In August 2019, a man was accused of gross social security fraud for failing to inform Nav between 4 June 2012 and 11 March 2014 that he had been in Sweden for several periods while receiving unemployment benefits .

Therefore, the prosecutor's office concluded that he was wrongly paid more than NOK 200 because Art. 000-4 of the Act on social security determines the conditions of stay in Norway in order to obtain the right to unemployment benefits.

The man was found guilty in the Asker and Bærum District Court and sentenced to 60 days in prison. The judgment was appealed to the Court of Appeal.

Statement by the EFTA Court

Later that year, the case was suspended pending clarification by the EFTA Court, following a social security scandal that uncovered incorrect applications for residence in Norway in connection with sickness benefits and unemployment benefits.

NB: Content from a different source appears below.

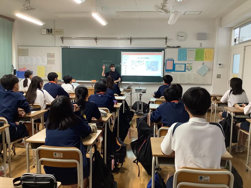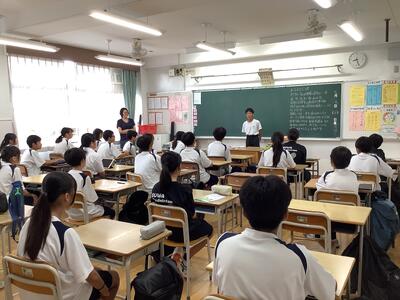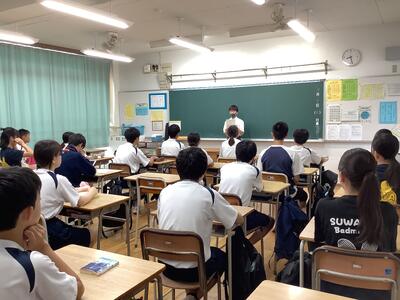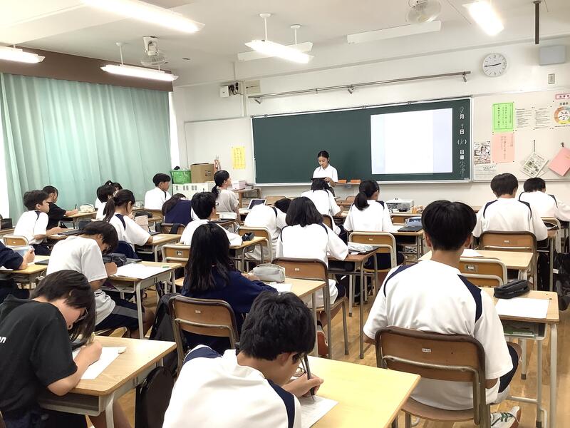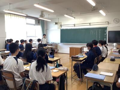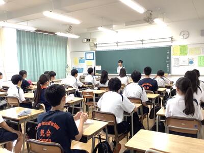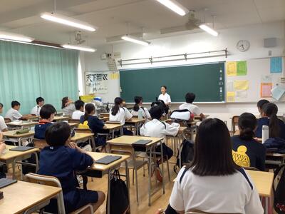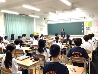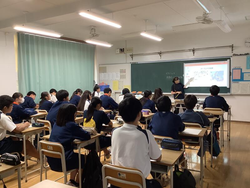 3年生の総合的な学習では、国際理解教育として、メキシコ•ポーランド•中国の方を講師としてお招きして、それぞれの国の歴史や文化を中心にお話をしていただきました。どの方もとても日本語が上手で、また、話の内容も工夫されており、生徒は興味深く聞いていました。講師の方々からは、誰一人集中を切らすことなく、しっかりメモを取りながら聞いていて素晴らしい生徒だとほめてくださいました。

Read our next article: Is commuting to work paid?

In a similar unemployment benefit case, which was heard at the Borgarting Court of Appeal the following year, the court obtained an advisory interpretative opinion from the EFTA Court on whether the residence requirement under the Social Security Act § 4-2 was contrary to EEA legislation.

The court replied that it was not contrary to EEA law to require that a person receiving unemployment benefits reside in Norway. This conclusion was used as the basis for the on and the judgment was delivered in accordance with the opinion .

Referring to the Nav judgment, the Supreme Court clarifies that the EFTA Court's understanding of EEA law cannot be departed from unless there are "good and compelling reasons" for doing so.

The member with the first right to vote, Kine Steinsvik, therefore looks more closely at whether there are good and valid reasons to depart from the EFTA Court's interpretation, but concludes that there are none.

“I do not see that the jurisprudence of the Court of Justice of the EU provides a sufficiently clear basis for departing from the understanding of EEA law by the EFTA Court. The court explained how the relationship between the provisions of the Social Security Regulation in Articles 64-65a and the main principles of free movement should be understood, and I found no reason to depart from the conclusions of the court.

The requirement to reside in Norway while receiving unemployment benefits is not contrary to EEA law

The Supreme Court therefore accepts that the requirement in Section 4-2 of the Social Insurance Act to reside in Norway as a condition for obtaining unemployment benefit is compatible with EEA law and rejects the appeal.

"Therefore, the Court of Appeal did not rely on a misapplication of the law in convicting Nav of failing to inform Nav that the defendant was in Sweden while receiving unemployment benefits," writes Steinsvik. . Thus, the authority upheld the conviction of the man who received the benefit while residing in Sweden.